Re: Equality in Marriage…
In any happy, successful relationship, there are no scorecards. Think about it…with good friends, we don’t keep track of how many times she called me and I called her, how many times I made plans or she made plans etc. etc. etc. Similarly, in a marriage, 50/50 or equal partnership is not a literal thing. When someone wants to take out a calculator to split expenses 50/50, or if someone is adamant that the other person must do 50% of cooking/cleaning…it’s will lead to disaster b/c sooner or later, something will go wrong and it will lead to resentment/arguments.
This guy is choosing to take a job closer to you and take a pay cut. You did not force him to do this. HE chose this b/c at some level, he felt you are worth that sacrifice. Yet, he’s making it seem like this is all for your benefit. It is not. Ideally, he should realize that this “sacrifice” is also for himself b/c if he did you see you as a “benefit” for himself, he would not agree to the move. It would have fine if he approached the situation with the approach “Oh hey brown eyed, I’m taking a pay cut and will have trouble paying all the bills. Since you are working, how about we have joint finances and share the expenses. Or can you give 50% of your salary to me so I can use that to pay our bills/rent etc.”. He does not see the two of you as a team. Just like a roommate, he’s saying “Well I took a pay cut for you so you need to do this for me”. This attitude…this keeping of a score in such a specific way which is unrealistic btw, will lead to a lot resentment for BOTH of you in the future.
“Probably”? Based on how this guy is approaching this, you better be 100% sure about what you want. Are you 100% sure that you have 0% interest in being a stay-at-home mom while the kids are young? Is he 100% ok with you taking such a drastic pay cut and giving up half you salary after kids? All your expenses will increase after you have kids. So both of you better figure this out right nownand how your “lifestyle” will change if you go part-time.
That’s fine. But IF it does happen later on, how does he propose you split expenses 50/50 then? How will you split household cost, electric bills, groceries etc. if his parents are living in the same house and using all the same things. When you go out to a restaurant or vacation, is HE going to pay for his parents means/tickets/hotel room etc. ALWAYS? Again, you don’t want to argue about this years later once you’re in the marriage with kids do you?
Read over and over what you yourself wrote above. You already know that you won’t be satisfied with his cooking/cleaning and its pretty much guaranteed that YOU will end up doing most of it while contributing exactly 50% of all other costs. And you already know it will cause you to be upset/feel resentful. Forget what other women do b/c their feelings may not be the same as you and their husband’s may not be like yours. Focus on yourself, your feelings/expectations of marriage.

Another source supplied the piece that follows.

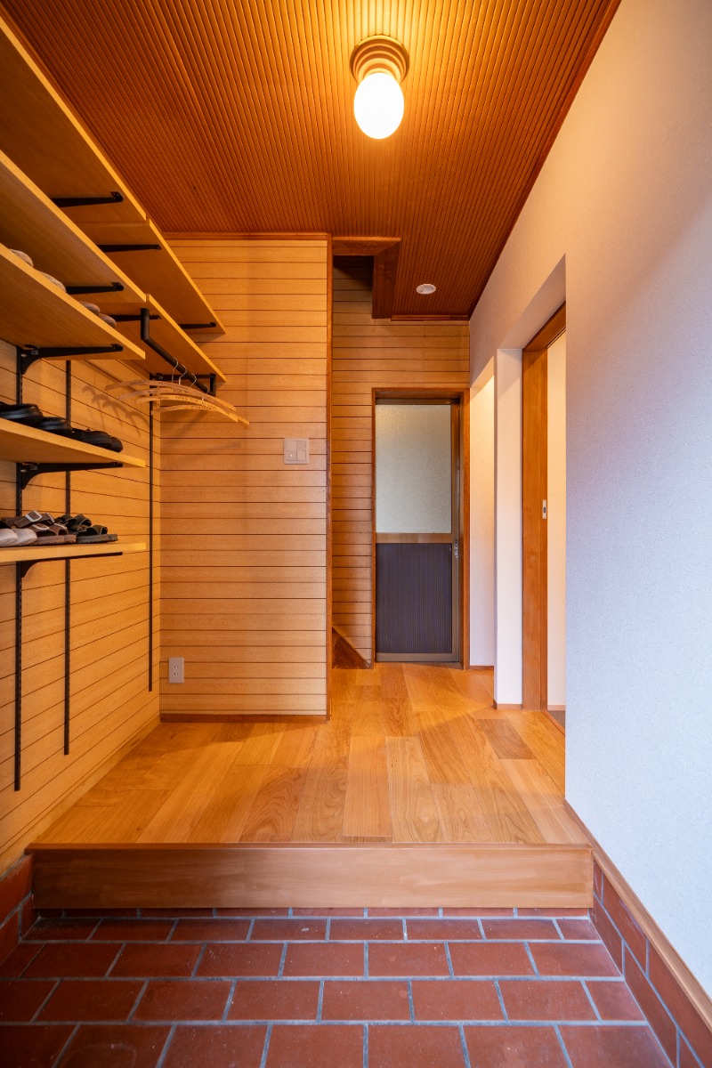 玄関から続く壁は、壁紙仕上げではなく

From where I’m sitting, this is what it looks like. And you are right…there is not “perfection” in marriage. That’s what several of us are trying to tell you. There is no exactly 50/50 split in a happy marriage. Things are not always perfectly equal and you can’t keep a scorecard of what person is doing to make sure that everything is “fair”. Unfortunately, that’s what BOTH of you are planning on doing in this situation.